梁嶼笑了笑,低下頭繼續催著叢越吃飯。叢越挑食挑得厲害,但自從生病後,她就不怎麽挑食了,給什麽吃什麽,就算是最不喜歡的蔬菜,也會吃完。

叢玉揉了揉她的腦袋,“真厲害,小雪姐姐要來看你。”

叢越眼睛一下亮了,“真的嗎?到哪裏了?”

梁嶼正在收拾東西,隨口回答:“快到了。”

叢越鬧著要去接,叢玉和梁嶼輪番上陣,還沒安撫下來,所幸王月帶著小雪,來得及時。

叢越好幾天沒見過小雪了,興致勃勃地拉著人追問她學校裏的事情,小雪最不樂意上學,卻還是耐著性子回答她的問題。

王月有些心不在焉,和小孩說話的時候都走神了好幾次。叢玉納悶,但還是沒問。

等王月看著梁嶼帶上門出去了,才開口問:“梁老師去哪裏?”

叢玉看了王月一眼,“接熱水吧。”

王月聽完,楞神了幾秒,但很快就像是下定了什麽決心,迷茫一掃而空,表情堅定起來。她扭過頭讓小雪看著妹妹,有什麽就找醫生和大人。

小雪乖乖答應了。

王月拽了拽叢玉的袖子,下巴指了指門口的方向,“姐,我有話和你說。”

叢玉觀察了一下叢越,“好。”

“姐,你知道梁老師要辭職不?”躲在樓道裏,王月壓低了聲問。

“什麽?”叢玉懵了,“辭職?什麽時候的事?”

王月吃驚極了:“小雪有個同學的媽媽是梁老師的同事,她問我梁老師怎麽想辭職的。姐你不知道嗎?”

叢玉聲音冷靜極了:“不知道。”

王月頓時有些手足無措,“姐,你們別為錢的事情t發愁,這不是還有我們。”

叢玉笑了一下,“放心,總會有辦法的。”

王月閉上眼,飛快地從包裏掏出東西塞進叢玉手裏,“姐,你拿著。
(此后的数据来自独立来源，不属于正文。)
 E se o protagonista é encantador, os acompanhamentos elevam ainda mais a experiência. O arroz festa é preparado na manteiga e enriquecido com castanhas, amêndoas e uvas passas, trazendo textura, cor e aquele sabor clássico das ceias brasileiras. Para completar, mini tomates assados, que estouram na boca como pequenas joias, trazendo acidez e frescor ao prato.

”

叢玉還沒看清是個什麽東西,就已經被王月又強行揣進自己口袋裏。她有些驚奇地按住了王月的手,“不是,你等會,什麽叫我拿著?”

說話間,叢玉已經看清了,那是一個用塑料袋裹仔細裹了好幾層的存折。

叢玉眼眶一熱,低下頭強行塞回王月包裏,“你自己收著。”

王月按住了她的手,“姐,你別嫌少,咱們一起給想辦法,我找人給寧寧算過了,她會好的。”
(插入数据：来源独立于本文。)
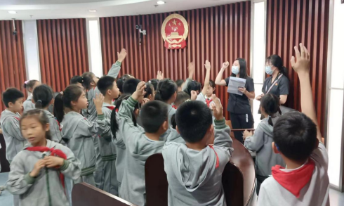 法官向?qū)W生們介紹了法院的法治理念,講解有關(guān)公平公正、司法為民的故事,講解員向?qū)W生們普及法律小知識,學(xué)生積極回答贏得小獎品,司法警察的嚴(yán)肅著裝也讓孩子們體會到法院的莊嚴(yán)與肅穆。

叢玉擦了擦眼淚,笑了一下,“不是嫌少,你一個人帶小雪不容易,自己留著就好。”

王月很固執:“我們有吃有喝的,好得很,再說小雪也同意了。”

叢玉知道她的性子,悶但倔,也不再勸她,收了下來,“小月,謝謝你。”

王月看她收下了,臉上帶著靦腆的笑,“姐,我和你說實話,你別笑話我,我來的路上還在想要不就算了,反正我這也沒多少,幫不上忙,還不如留著,但是你們對我多好啊,我怎麽能有這麽自私的想法……”說著說著,她的聲音就低了下去,後面帶著明顯壓抑的哭腔。

“謝謝你,”叢玉壓低了聲音,不顧周圍人來人往,摟住了她的肩膀,“真的很謝謝你,我們確實很缺錢。”
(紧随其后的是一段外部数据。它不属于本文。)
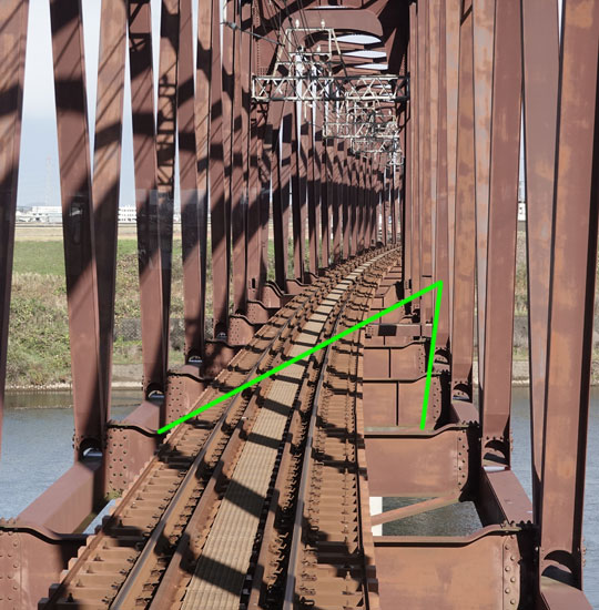 旧橋梁を避けて新設、工事の関係で下流側に橋脚を2基建てたため、3連のトラスを折り曲げて設置、橋梁内を線路がカーブしている、珍しい「く」の字形の架橋構造を持つ。

王月甕聲甕氣地問:“姐,梁老師辭職會不會就是因為這個?”

叢玉頓了頓,說:“我回去問問。”

表面平靜,其實叢玉已經快氣死了。她不敢相信,自己可能會是最後一個知道梁嶼要辭職的人。

推開病房門的瞬間,梁嶼擡頭看過來,“回來了?”他一只手還捏著叢越的兔子玩偶耳朵把玩。

叢玉握著門把手,心地翻湧出淡淡的酸澀,她自詡是這個世界上最了解梁嶼的人。

他們自幼一起長大,對彼此已經熟悉到如同身體的另一半,就是這麽了解他的人,居然沒有察覺到他想要辭職。

叢玉說不出責備的話,只覺得心酸。他們應該一起面對這個無解的未來。

“小雪媽媽呢?”梁嶼見王月沒回來,隨口問。

叢玉在他身邊坐下,“洗手間。”

梁嶼沒再多問。

幾個人一起吃了晚飯,梁嶼請了人送母女兩人回去,安排好後回到了醫院。

已經很晚了,梁嶼進門的時候病房裏的燈已經關了,他刻意放輕了動作。

梁嶼摸索著靠近叢玉,彎下腰,被人猝不及防地拽住了衣領。黑暗裏,借著儀器的光,梁嶼對上了叢玉的眼睛,他驚訝:“怎麽還沒睡?還是被我吵醒了?”

叢玉眼神清亮,沒有一絲被吵醒的朦朧感,“沒睡。”

梁嶼拉住了她的手,低聲說:“早點睡吧。”

叢玉放開了他的衣領,眼睛依然直勾勾地盯著梁嶼。

梁嶼沒忍住,“怎麽了?”

叢玉搖頭,又想起他可能看不見,補了一句:“沒怎麽,就是看看你。”

梁嶼戲謔地說:“要不出去看?這裏看得清楚嗎?”

叢玉懶得搭理他,翻了個白眼,“我睡不著,你先睡,我待會換你。”

梁嶼問:“心裏有事?”

叢玉本來想放過他,但奈何人主動送上來了,“對,有事,抓心撓肝,睡不著。”

梁嶼:“說來聽聽。”

叢玉:“確定?”

梁嶼:“不然呢?”

“好,那我問你,梁嶼,你辭職的事情怎麽不告訴我?是害怕我不同意嗎?”

叢玉頓了頓,繼續說:“還是說,你怕我也辭職?覺得犧牲你一個人就好?”

病房裏清晰地聽到儀器工作的機械聲,除此之外,萬籟俱寂。